Mr. Baer also said that no one (himself included) had been allowed to see what was in the trunk, but that he thought it contained many letters not only of Edward Coles but also of his brother Isaac (in fact, the trunk had been Isaac's army trunk from the War of 1812), and that since Isaac was President Jefferson's private secretary, as Edward was President Madison's, the trunk would probably contain numerous letters of considerable historical interest. Again he expressed a good deal of skepticism about whether I would be able to see what was in the trunk, but he gave me instructions on how to get to Roberts Coles' home and wished me good luck.

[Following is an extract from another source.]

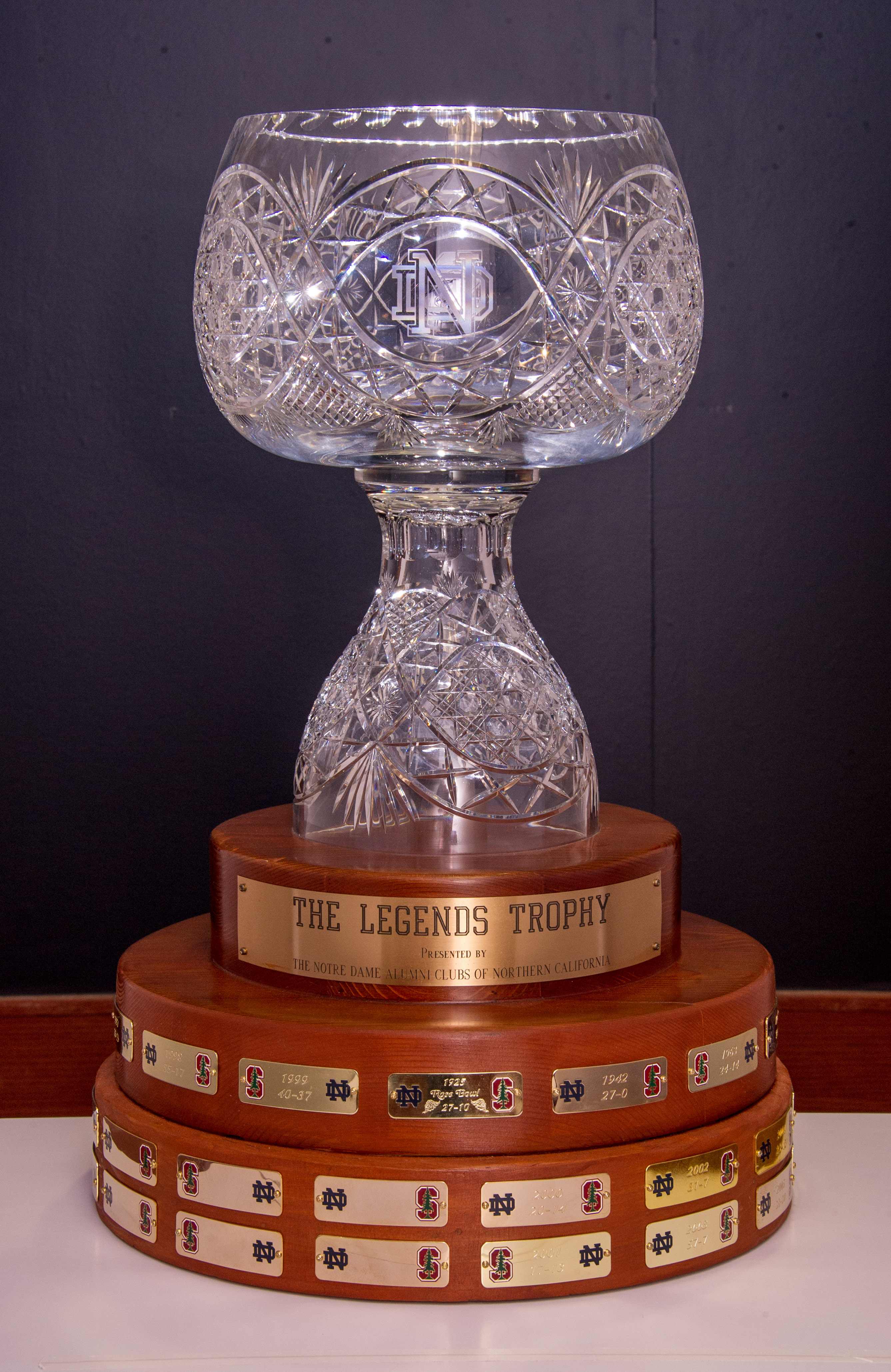 Trophy with modified game score plates to enable posting of future game results without enlarging the redwood base.

When I arrived at the house around dinner time, I found Mr. Coles, along with a large number of guests, just finishing a somewhat formal dinner in a field behind the house. I excused myself for barging in and simply asked whether he knew the location of Rockfish, the plantation that Edward Coles had inherited, and whether he could give me directions how to get there. Instead, he graciously offered to show me both Rockfish and Enniscorthy the following day, which he did. We spent the entire day together, during which I tried to impress upon him how much I already knew about Coles.

When we returned to his home, he turned and said to me, "You want to see the letters, don't you?" "Yes," I said. "I would."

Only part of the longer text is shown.